Let's get past the BS details. If you flew to Munich tonight (arriving in time for breakfast with a Hefeweizen as you walk through the MUC Airport Center and stop at Airbrau (I can never tell if they're open for breakfast. Our flight always gets in late, but there are a few people around there). Then took the regional into Munich and walked through old city and stopped for a Helles...would your beer taste just like that? That's the test. I completely agree with Marshall - it's not HOW you get there, it's getting there. But there seems to be an abundance of confusion about exactly what a Munich Helles actually tastes like. I am trying like hell to get there (and go to Germany enough to know what I'm after) and very little of the beer in the US marketed as Helles is like a Helles.

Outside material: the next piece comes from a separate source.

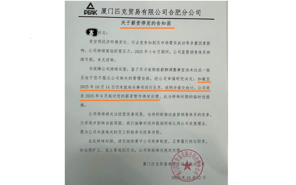 据大陆“上游新闻”报导,匹克员工近日提供了一份匹克公司下发给员工的《关于薪资停发的告知函》。这份加盖红章的正式文件说,“如您至2025年10月14日仍未就相关事项进行反思、说明并提交检讨,公司将自2025年9月起对您的薪资暂作停发处理。”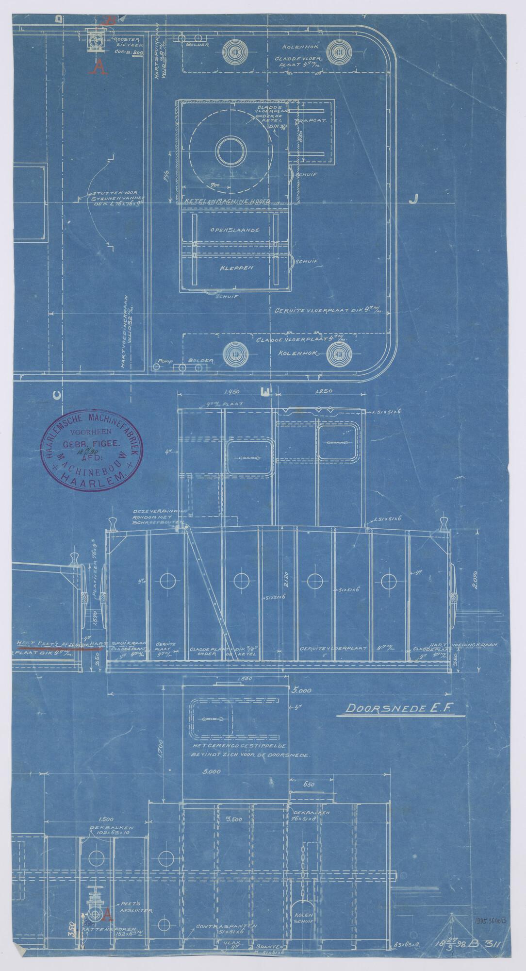 Doorsnede cilinder en zijaanzicht ketel van de stoom...

I've just read through the entire thread and WOW, I've lost my morning.
It's my understanding that all five senses impact your perception of taste, so I highly doubt that you'll ever brew anything that tastes just like that first sip after you've just flown into Munich and walked through the old city to find the right place to have a beer. Unless you pack some hombrew to take with you to sample side-by-side, you're relying on your memory of the taste of that beer. Memory is mutable, just as taste is influenced by your other senses. You'll never be able to capture in a bottle the experience you describe above. All you can really do is brew the best beer you can.
On the topic of this thread, I have no comments on no-chill brewing. I always have and will continue to chill my beer as quickly as I can. I will not, however, lose sleep over my Helles not tasting authentic as I now realize that's likely a common problem.